* _Given material_
□ □ □

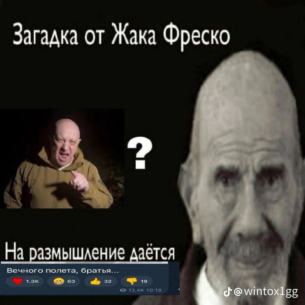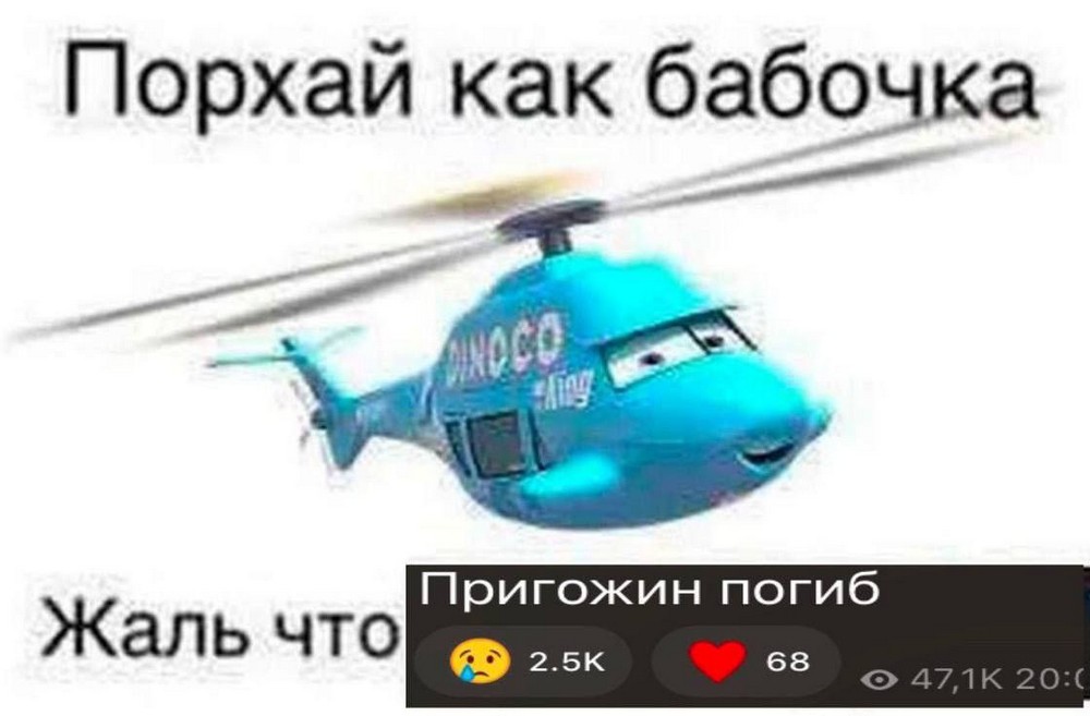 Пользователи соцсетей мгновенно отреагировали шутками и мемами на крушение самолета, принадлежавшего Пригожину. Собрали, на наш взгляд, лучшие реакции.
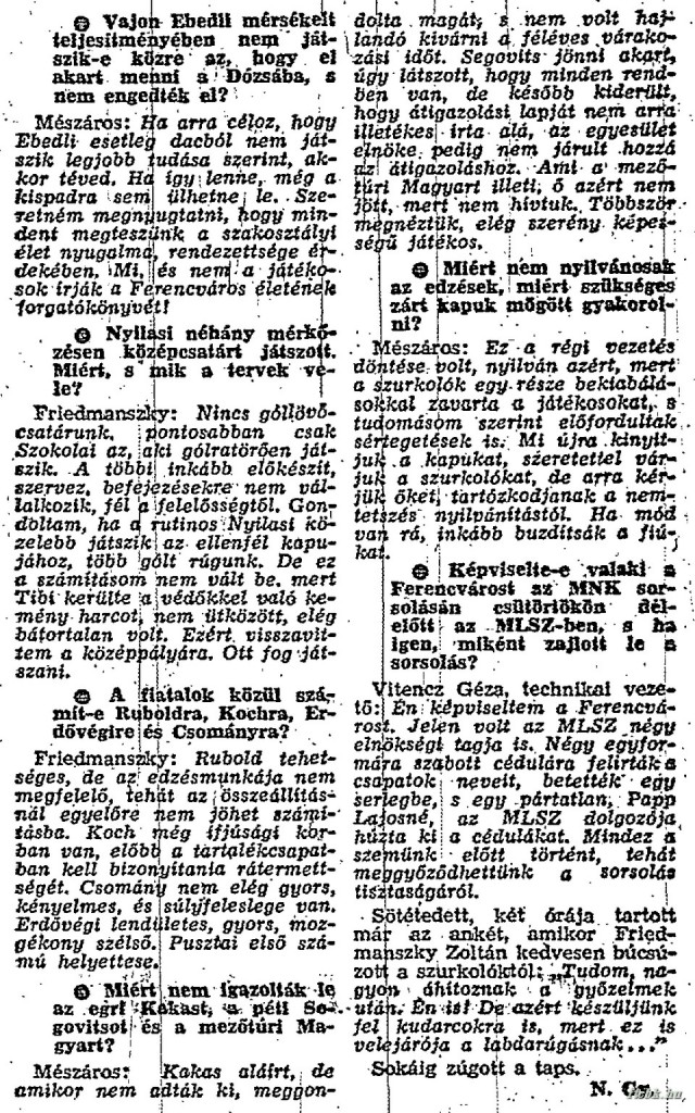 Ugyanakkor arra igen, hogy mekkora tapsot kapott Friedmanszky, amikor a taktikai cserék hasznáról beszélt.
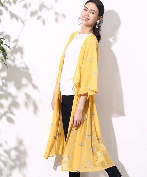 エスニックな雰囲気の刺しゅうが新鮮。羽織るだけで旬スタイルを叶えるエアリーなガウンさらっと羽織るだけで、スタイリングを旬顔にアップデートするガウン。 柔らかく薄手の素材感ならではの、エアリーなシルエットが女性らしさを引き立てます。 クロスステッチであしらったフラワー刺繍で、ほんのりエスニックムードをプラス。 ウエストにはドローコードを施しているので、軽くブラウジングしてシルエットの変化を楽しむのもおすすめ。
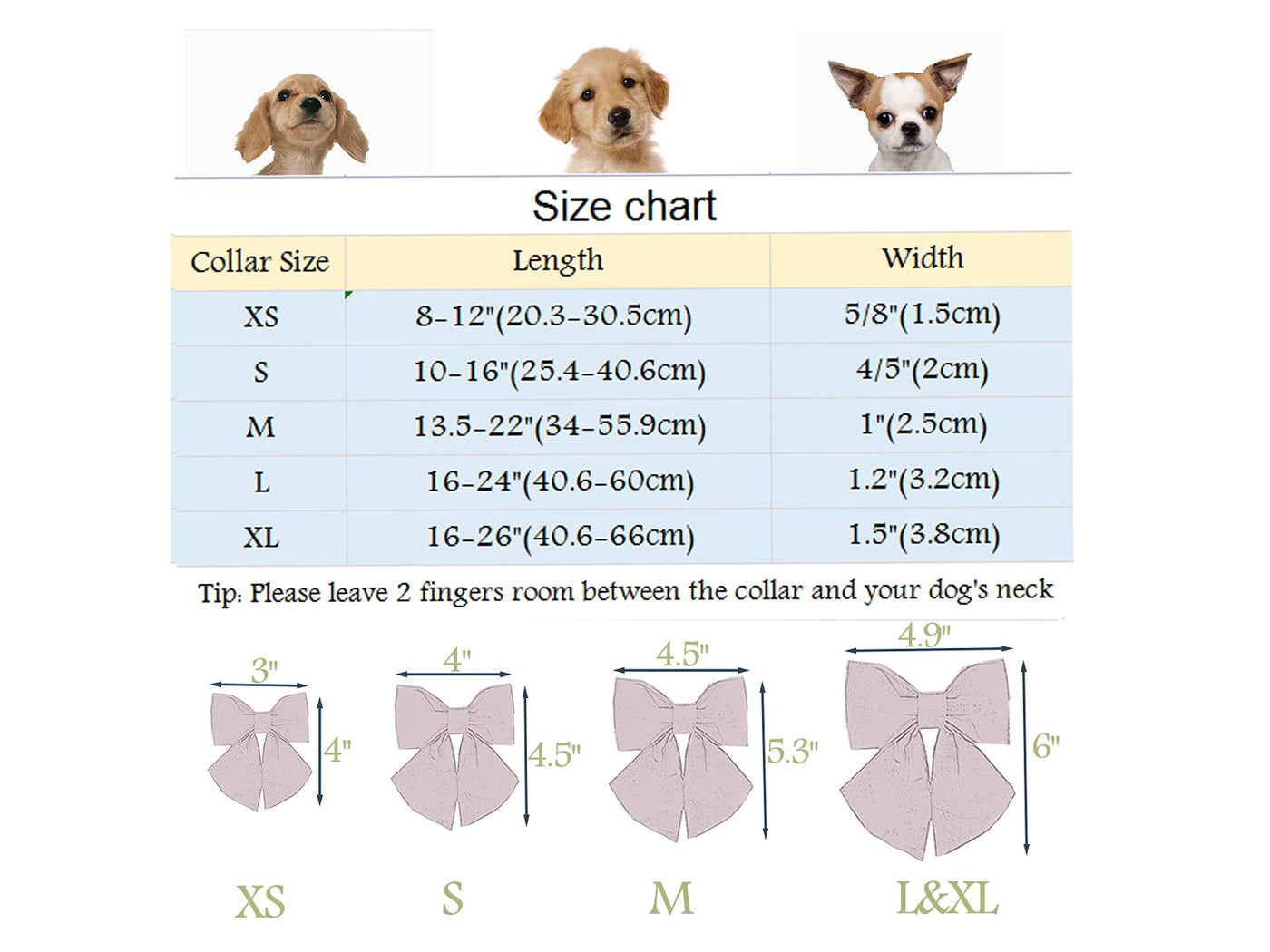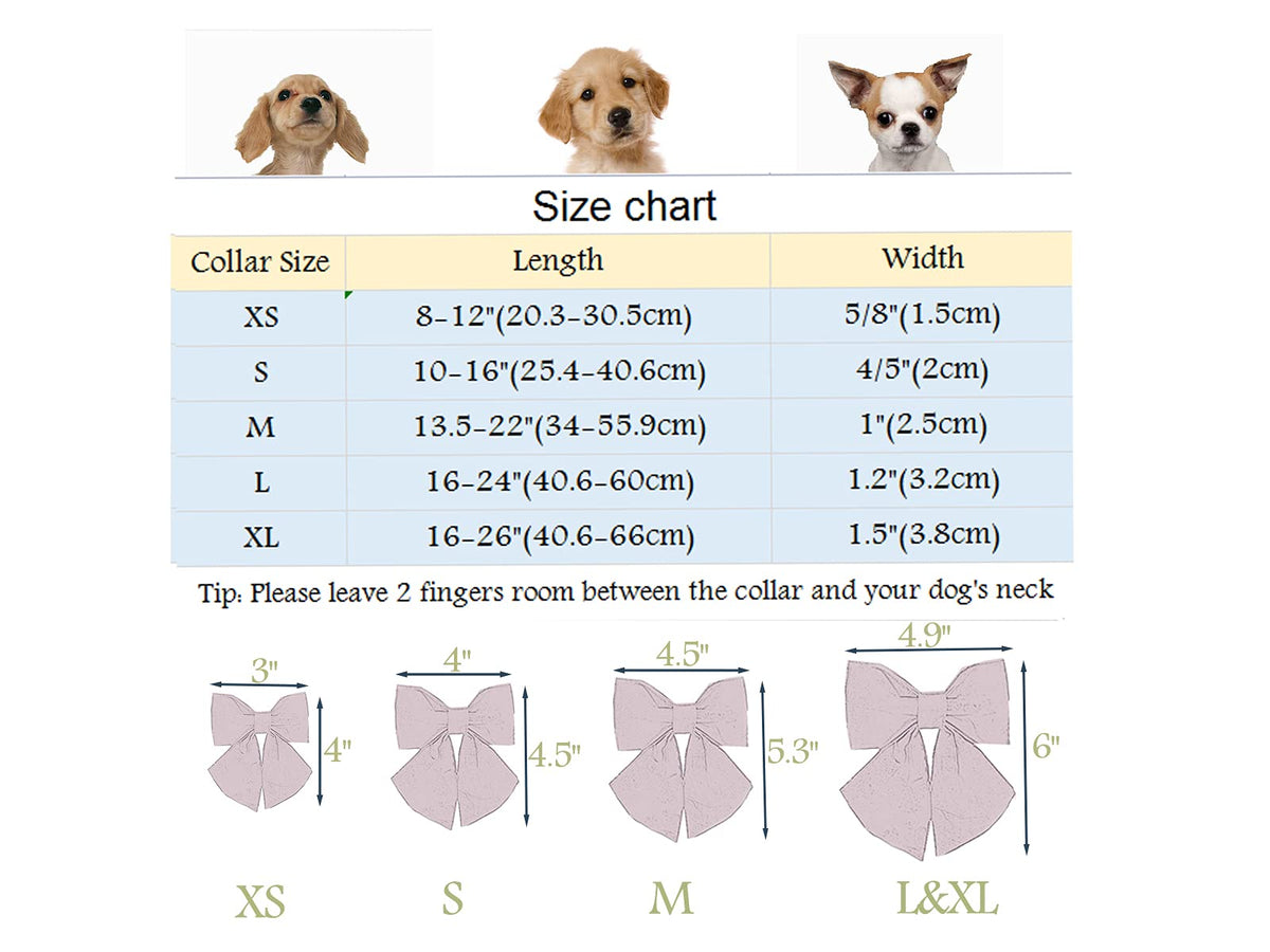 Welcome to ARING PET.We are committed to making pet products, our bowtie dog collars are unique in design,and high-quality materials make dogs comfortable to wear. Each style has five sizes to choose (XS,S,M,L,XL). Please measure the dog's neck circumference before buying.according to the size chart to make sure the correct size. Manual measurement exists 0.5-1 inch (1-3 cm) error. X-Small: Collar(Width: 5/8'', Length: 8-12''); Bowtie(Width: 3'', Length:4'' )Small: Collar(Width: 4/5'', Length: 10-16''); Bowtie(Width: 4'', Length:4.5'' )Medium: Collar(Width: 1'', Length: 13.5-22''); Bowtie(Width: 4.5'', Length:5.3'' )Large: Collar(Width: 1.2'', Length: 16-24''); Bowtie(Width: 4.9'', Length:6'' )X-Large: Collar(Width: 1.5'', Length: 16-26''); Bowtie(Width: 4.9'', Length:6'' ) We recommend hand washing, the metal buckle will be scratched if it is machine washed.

□ □ □

* _Activity_
Retype the data shown above exactly, excluding any picture it contains.

* _Worked solution_
 Пользователи соцсетей мгновенно отреагировали шутками и мемами на крушение самолета, принадлежавшего Пригожину. Собрали, на наш взгляд, лучшие реакции.
 Ugyanakkor arra igen, hogy mekkora tapsot kapott Friedmanszky, amikor a taktikai cserék hasznáról beszélt.
 エスニックな雰囲気の刺しゅうが新鮮。羽織るだけで旬スタイルを叶えるエアリーなガウンさらっと羽織るだけで、スタイリングを旬顔にアップデートするガウン。 柔らかく薄手の素材感ならではの、エアリーなシルエットが女性らしさを引き立てます。 クロスステッチであしらったフラワー刺繍で、ほんのりエスニックムードをプラス。 ウエストにはドローコードを施しているので、軽くブラウジングしてシルエットの変化を楽しむのもおすすめ。
 Welcome to ARING PET.We are committed to making pet products, our bowtie dog collars are unique in design,and high-quality materials make dogs comfortable to wear. Each style has five sizes to choose (XS,S,M,L,XL). Please measure the dog's neck circumference before buying.according to the size chart to make sure the correct size. Manual measurement exists 0.5-1 inch (1-3 cm) error. X-Small: Collar(Width: 5/8'', Length: 8-12''); Bowtie(Width: 3'', Length:4'' )Small: Collar(Width: 4/5'', Length: 10-16''); Bowtie(Width: 4'', Length:4.5'' )Medium: Collar(Width: 1'', Length: 13.5-22''); Bowtie(Width: 4.5'', Length:5.3'' )Large: Collar(Width: 1.2'', Length: 16-24''); Bowtie(Width: 4.9'', Length:6'' )X-Large: Collar(Width: 1.5'', Length: 16-26''); Bowtie(Width: 4.9'', Length:6'' ) We recommend hand washing, the metal buckle will be scratched if it is machine washed.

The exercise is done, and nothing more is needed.